1. Rademacher Complexity Definition¶

Empirical Rademacher Complexity¶

For a hypothesis class $\mathcal{H}$ and sample $S = \{x_1, \ldots, x_n\}$:

\[\hat{\mathfrak{R}}_S(\mathcal{H}) = \mathbb{E}_{\sigma} \left[ \sup_{h \in \mathcal{H}} \frac{1}{n} \sum_{i=1}^n \sigma_i h(x_i) \right]\]

where $\sigma_i$ are independent Rademacher random variables: $P(\sigma_i = +1) = P(\sigma_i = -1) = 1/2$.

Rademacher Complexity¶

\[\mathfrak{R}_n(\mathcal{H}) = \mathbb{E}_{S \sim \mathcal{D}^n} [\hat{\mathfrak{R}}_S(\mathcal{H})]\]

Intuition: Measures how well the hypothesis class can fit random noise. Higher complexity means the class can better correlate with random labels.

2. Generalization Bound via Rademacher Complexity¶

Theorem (Rademacher Generalization Bound):

For any $\delta > 0$, with probability at least $1-\delta$ over the draw of $S \sim \mathcal{D}^n$:

\[\forall h \in \mathcal{H}: \quad R(h) \leq \hat{R}(h) + 2\mathfrak{R}_n(\mathcal{H}) + \sqrt{\frac{\log(1/\delta)}{2n}}\]

where:

$R(h)$ = true risk (expected error)
$\hat{R}(h)$ = empirical risk (training error)
$\mathfrak{R}_n(\mathcal{H})$ = Rademacher complexity

Key insight: Generalization gap bounded by complexity of hypothesis class.

def compute_empirical_rademacher(X, hypothesis_class, n_trials=1000):
    """
    Compute empirical Rademacher complexity via Monte Carlo.
    
    Args:
        X: Data points (n_samples, n_features)
        hypothesis_class: Function that returns predictions for all hypotheses
        n_trials: Number of random sign patterns to sample
    
    Returns:
        Empirical Rademacher complexity estimate
    """
    n = len(X)
    suprema = []
    
    for _ in range(n_trials):
        # Sample Rademacher variables
        sigma = np.random.choice([-1, 1], size=n)
        
        # Get predictions from all hypotheses in class
        predictions = hypothesis_class(X)
        
        # Compute correlation with random signs for each hypothesis
        correlations = predictions @ sigma / n
        
        # Take supremum over hypothesis class
        suprema.append(np.max(correlations))
    
    return np.mean(suprema)

# Example: Linear hypotheses on 1D data
def linear_hypothesis_class_1d(X, weights=None):
    """Generate predictions from linear hypotheses h(x) = wx."""
    if weights is None:
        weights = np.linspace(-2, 2, 100)
    
    X_flat = X.flatten()
    # predictions[i, j] = weight[i] * X[j]
    predictions = np.outer(weights, X_flat)
    return predictions

# Test with varying sample sizes
sample_sizes = [10, 20, 50, 100, 200, 500]
complexities = []

for n in sample_sizes:
    X = np.random.randn(n, 1)
    rad_comp = compute_empirical_rademacher(X, linear_hypothesis_class_1d)
    complexities.append(rad_comp)

# Theoretical bound for linear class: R_n ~ 1/sqrt(n)
theoretical = 1.0 / np.sqrt(sample_sizes)

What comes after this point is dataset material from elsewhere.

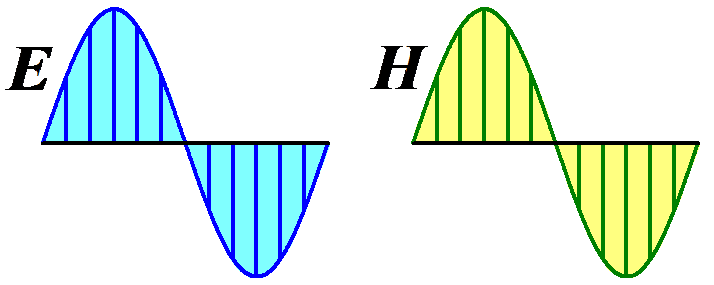 光エレクトロニクスの玉手箱 2013年7月号-補足 図2 電界と磁界の関係 (a) 前進波 (a’) 後進波 (b) 定在波 [←(a)+(a’)] 図C (a) 熱波と (b) 光波 の伝搬の比較 (a) 熱波 (b) 光波
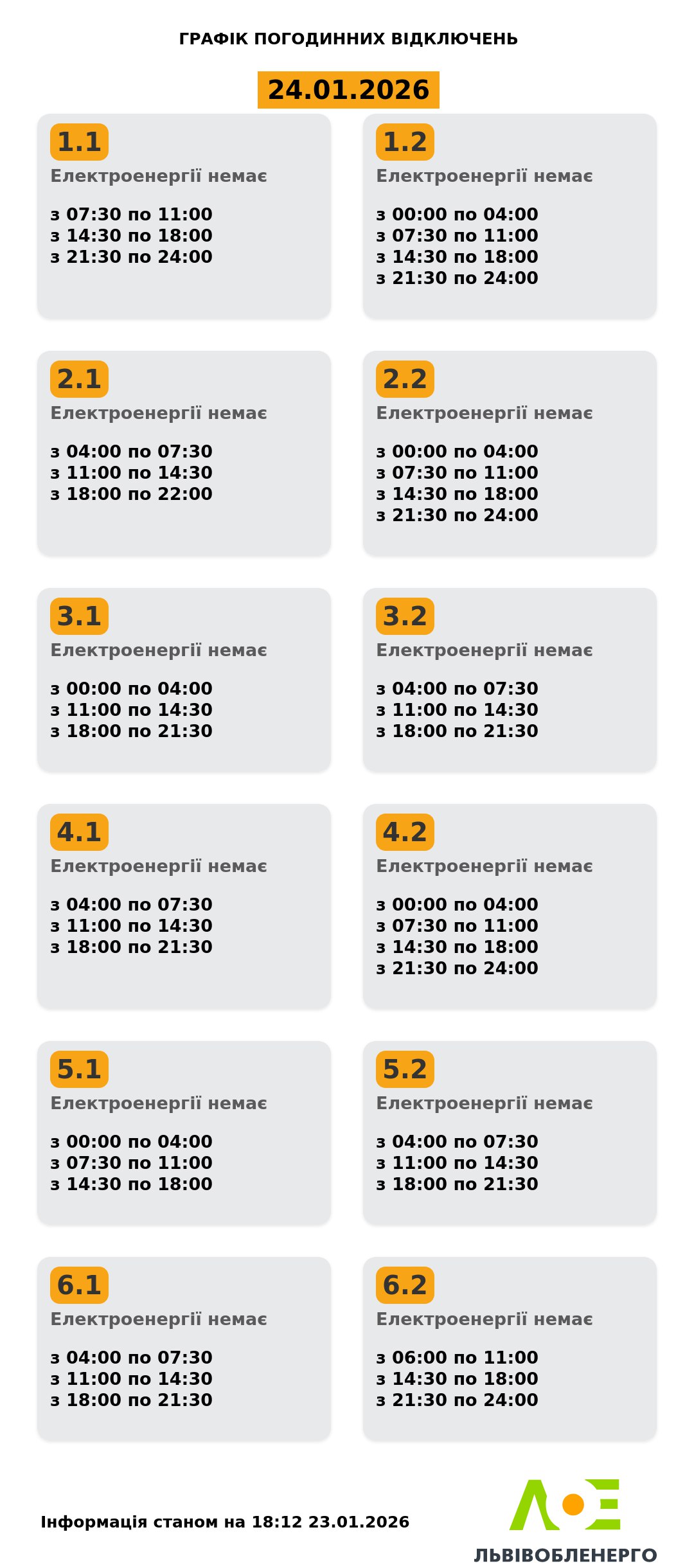 ❗️УBAГA❗️ З’явuлucь гpaфiкu вiдключeння cвiтлa нa зaвтpa, 24 ciчня✔

plt.figure(figsize=(10, 6))
plt.plot(sample_sizes, complexities, 'o-', label='Empirical', linewidth=2, markersize=8)
plt.plot(sample_sizes, theoretical, 's--', label='Theoretical O(1/√n)', linewidth=2, markersize=8)
plt.xlabel('Sample Size (n)', fontsize=12)
plt.ylabel('Rademacher Complexity', fontsize=12)
plt.title('Rademacher Complexity vs Sample Size (Linear Class)', fontsize=14)
plt.legend(fontsize=11)
plt.grid(True, alpha=0.3)
plt.tight_layout()
plt.show()

print(f"Empirical complexities: {complexities}")
print(f"Decay rate: approximately 1/√n")

3. Rademacher Complexity for Different Hypothesis Classes¶

Known Results:¶

Linear functions in $\mathbb{R}^d$ with bounded $\|x\| \leq X$, $\|w\| \leq W$: $$\mathfrak{R}_n(\mathcal{H}) = O\left(\frac{WX}{\sqrt{n}}\right)$$
Neural networks (depth $L$, width $W$, spectral norm bound $M$): $$\mathfrak{R}_n(\mathcal{H}) = O\left(\frac{M^L \sqrt{W L \log(W)}}{\sqrt{n}}\right)$$
Polynomial features of degree $d$ in $\mathbb{R}^p$: $$\mathfrak{R}_n(\mathcal{H}) = O\left(\sqrt{\frac{\binom{p+d}{d}}{n}}\right)$$

# Compare Rademacher complexity across polynomial degrees
def polynomial_hypothesis_class(X, degree, n_hypotheses=50):
    """Generate predictions from polynomial hypotheses up to given degree."""
    poly = PolynomialFeatures(degree=degree)
    X_poly = poly.fit_transform(X)
    
    predictions = []
    for _ in range(n_hypotheses):
        # Random weights for polynomial features
        w = np.random.randn(X_poly.shape[1])
        w = w / np.linalg.norm(w)  # Normalize
        pred = X_poly @ w
        predictions.append(pred)
    
    return np.array(predictions)

# Test different polynomial degrees
n_samples = 100
X = np.random.randn(n_samples, 1)

degrees = range(1, 11)
rad_complexities = []

for d in degrees:
    def hyp_class(X_input):
        return polynomial_hypothesis_class(X_input, degree=d)
    
    rad_comp = compute_empirical_rademacher(X, hyp_class, n_trials=200)
    rad_complexities.append(rad_comp)

plt.figure(figsize=(10, 6))
plt.plot(degrees, rad_complexities, 'o-', linewidth=2, markersize=8, color='darkblue')
plt.xlabel('Polynomial Degree', fontsize=12)
plt.ylabel('Empirical Rademacher Complexity', fontsize=12)
plt.title(f'Complexity Growth with Model Capacity (n={n_samples})', fontsize=14)
plt.grid(True, alpha=0.3)
plt.tight_layout()
plt.show()

print("Rademacher complexity increases with model capacity (polynomial degree)")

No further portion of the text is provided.